As may be evident by now, the essential contribution of qualitative studies lies in asking probing questions, typically in the context of in-depth interviews or focus group discussions. A highly trained researcher takes individuals or groups through a core set of questions called for by the study hypothesis. At the same time, the researcher is alert for new ideas and response patterns that respondents bring up and is vigilant about probing these in turn. As to the group discussion format, this sprang from insights developed in the psychology of group dynamics: the interaction possibilities in small groups create synergy and broadens the spectrum of perceptions, beliefs, attitudes, or inhibitions that can be discovered (Schwartz, 2008). And, of course, qualitative research also embraces case studies and other exploratory methods.

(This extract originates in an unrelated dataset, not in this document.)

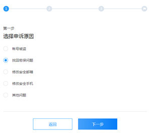 4.在选择申诉原因的对话框中选择找回密保问题,点击下一步。
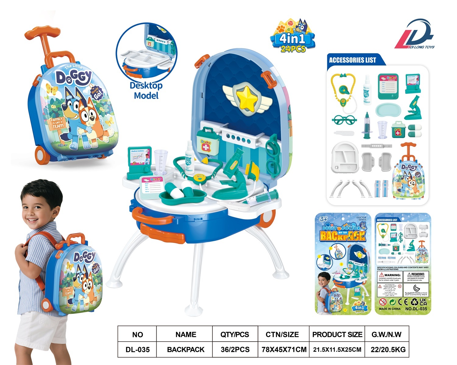 DL-035 4-IN-1 SUITCASE TROLLEY ALLOY BACKPACK SET - BLUEY DOCTOR ROLE PLAY KIT

The potential for much greater insight does have trade-offs. Qualitative research expertise tends to be inter-disciplinary, i.e. knowing about both marketing and psychology or being conversant with both motivation and organizational theory. Since such combinations of skills, as well as the temperament for carrying out research, are sparse, expert professional costs are high.

Secondly, the processing and analysis of verbatim responses are time-consuming. Hence, qualitative research is typically done with small sample sizes.

On the other hand, greater insight at the exploratory or diagnostic stage of a project is priceless.

This is why qualitative research is very often found complementing quantitative study approaches. Clearly, both contribute to the application of the scientific method in psychology.

References

  1. Hinkle, D., Wiersma, W., & Jurs, S. (1998). Applied statistics for the behavioral sciences. Boston: Houghton Mifflin.
  2. Shaughnessy, J., Zechmeister, E., & Zechmeister, J. (2006). Research methods in psychology. Boston: McGraw-Hill Publishing Company.
  3. Schwartz, A. (2008). Advantages and disadvantages of the qualitative research methods.